Фидель отошел к ближайшему окну. Снаружи лил дождь. Над джунглями плыли темные облака. Стало заметно светлее, но едва ли потому что наступило утро, просто глаза стали привыкать к темноте. В лицо испанцу ударил мокрый ветер. Фидель отшатнулся, застегнул верхние пуговицы дублета и зашагал к внутреннему
В коридоре Фидель остановился. Прислушался. Так и есть, со стороны арабского дворика доносились звуки очень похожие на плеск. Скорее всего, их издавали дождевые струи, бившие из дыры в крыше. Достигнув террасы, испанец облокотился на перила и посмотрел вниз. То, что он там увидел, показалось не иначе как дурным сном. Внизу на краю бассейна лежала женщина в белом платье. Ее золотые локоны ниспадали на лицо. Нога и часть туловища были погружены в воду. Он узнал ее. Это была Беатриче. Спохватившись, Фидель кинулся к лестнице и вскоре склонился над итальянкой.
— Сеньора? Сеньора, вы меня слышите?
Он вытащил окоченевшее тело из бассейна, снял плащ и укутал несчастную. Она обратила на него мутный взор и улыбнулась.
— Это я. Фидель. — Он убрал с ее лица волосы. — Узнаете?
— Да. Я вас помнить, — по слогам произнесла итальянка. — Рыбак с морская болезнь…
— Все верно. Как вы попали сюда?
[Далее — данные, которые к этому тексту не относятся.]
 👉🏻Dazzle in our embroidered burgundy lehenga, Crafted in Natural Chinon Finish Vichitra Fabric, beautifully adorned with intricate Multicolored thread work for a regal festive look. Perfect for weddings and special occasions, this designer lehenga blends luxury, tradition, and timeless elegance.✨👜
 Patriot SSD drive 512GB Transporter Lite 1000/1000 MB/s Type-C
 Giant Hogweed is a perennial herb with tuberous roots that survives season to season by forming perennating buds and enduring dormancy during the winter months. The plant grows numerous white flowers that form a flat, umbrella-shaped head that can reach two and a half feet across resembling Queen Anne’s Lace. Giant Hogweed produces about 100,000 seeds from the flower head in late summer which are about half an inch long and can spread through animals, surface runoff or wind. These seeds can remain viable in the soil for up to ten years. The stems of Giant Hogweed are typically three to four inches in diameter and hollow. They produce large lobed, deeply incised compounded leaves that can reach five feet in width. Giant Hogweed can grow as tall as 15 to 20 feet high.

Я собственными глазами видел, как ваша шлюпка разбилась о рифы!
— Да. Я упасть в море. Потом меня вынести на берег. Я найти это место.
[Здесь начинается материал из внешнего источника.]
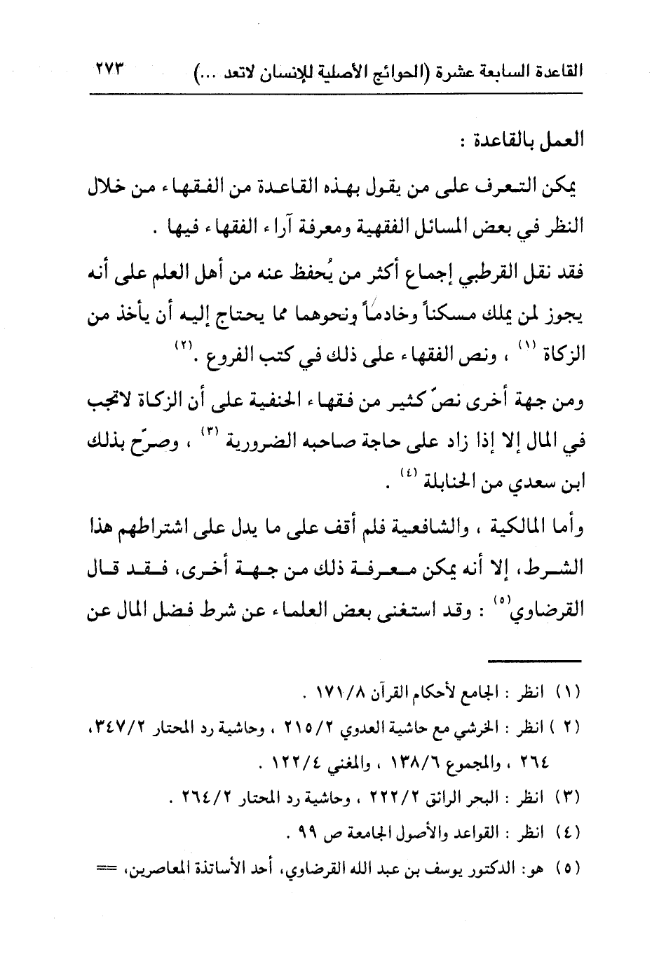 ٥ هو: الدكتور يوسف بن عبد الله القرضاوي، أحد الأساتذة المعاصرين، ولد في ٩/٩/١٩٢٦ في قرية من توابع المحلة الكبرى بمصر، ونشأ في حضن عمه بعد وفاة والده. تخرج من كلية أصول الدين عام ٥٢-١٩٥٣م وحصل على شهادات أخر. حصل على الدكتوراه عام ١٩٧٣م وعنوان رسالته [الزكاة في الإسلام] ، عمل أستاذا ورئيسا لقسم الدراسات الإسلامية بكلية التربية في قطر، وشارك في عدد من المؤتمرات والندوات. له عدد من المؤلفات في الفقه وغيره منها: [فقه الزكاة] ، و [العبادة في الإسلام] . انظر: ترجمته في كتاب علماء ومفكرون عرفتهم ١/٤٦١-٤٩٠.
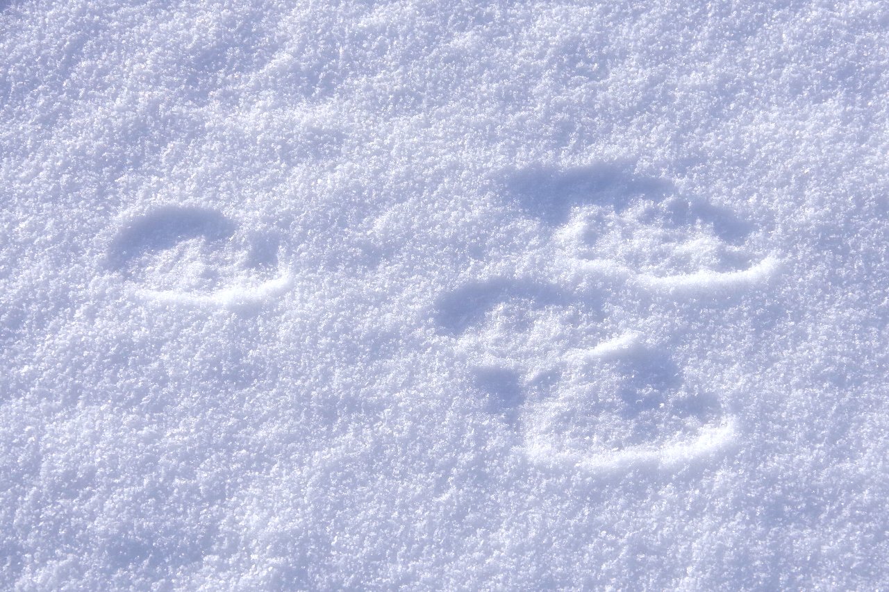 どこまでも続く眩しく輝く白い丘。ウサギの足跡もありました。

— Это чудо, не иначе. Господи, какая же у вас холодная кожа. Подождите. Мы вам поможем.
Он хотел взять ее на руки, но та пронзительно взвизгнула и забилась в конвульсиях.
— Боль! Больно! Не могу шевелиться!
— Хорошо. Я найду кого-нибудь. Я позову вашего мужа. Мы возьмем носилки…
Беатриче заплакала. Фидель бросился под арку и дальше во тьму с одной лишь мыслью — помочь несчастной женщине.
Один коридор с ажурными арками сменял другой с такими же аркам. Гомес шел первым, освещая путь. Франко следовал за Николасом след в след. Как бы он хотел сейчас помолодеть лет на пять. Тогда не стыдно было бы держаться за руку. Темный лабиринт залов и галерей украшенный диковинными узорами пугал его сильнее, чем исчезновение солнца. Всякий раз он спрашивал друга, зачем христианам осматривать это проклятое языческое капище? Не лучше ли искать порт, о котором обмолвился сеньор Диас? Они будто вернулись во времена Сида, вот только не мавры могли выскочить из-за следующего угла, а кто-нибудь пострашнее. Николас в ответ лишь отмахивался, словно он муха какая-то.
Франко любил слушать романсы о подвигах прославленных испанских героев вроде Амадиса Гальского или Бернардо дель Карлиа, и часто олицетворял себя с ними. На деле же оказалось, что он трусишка вроде того зайчика из сказки, который боится охотника задолго до его появления. Печально, что случай подвергает слабых людей испытаниям в самый неожиданный момент, дабы те осознали какие они ничтожества.
Сзади сопел итальянец. Жирный банкир с первого взгляда не понравился Франко. Бонаккорсо ди Бергамо оказался алчным лицемером, к тому же слабым и трусливым. Как человек, бросивший жену на палубе тонущего корабля, мог теперь оправдываться нуждой в золоте? В Валенсии он принадлежал такому же выродку, чей сын, не гнушался лупить его плеткой, а иногда даже палкой. Если бы не Николас, работать ему на виноградниках до тех пор, пока подросший хозяйский сынок, напившись, не схватился бы за шпагу. Он спас его от рабства, подарил свободу и даже больше — жизнь.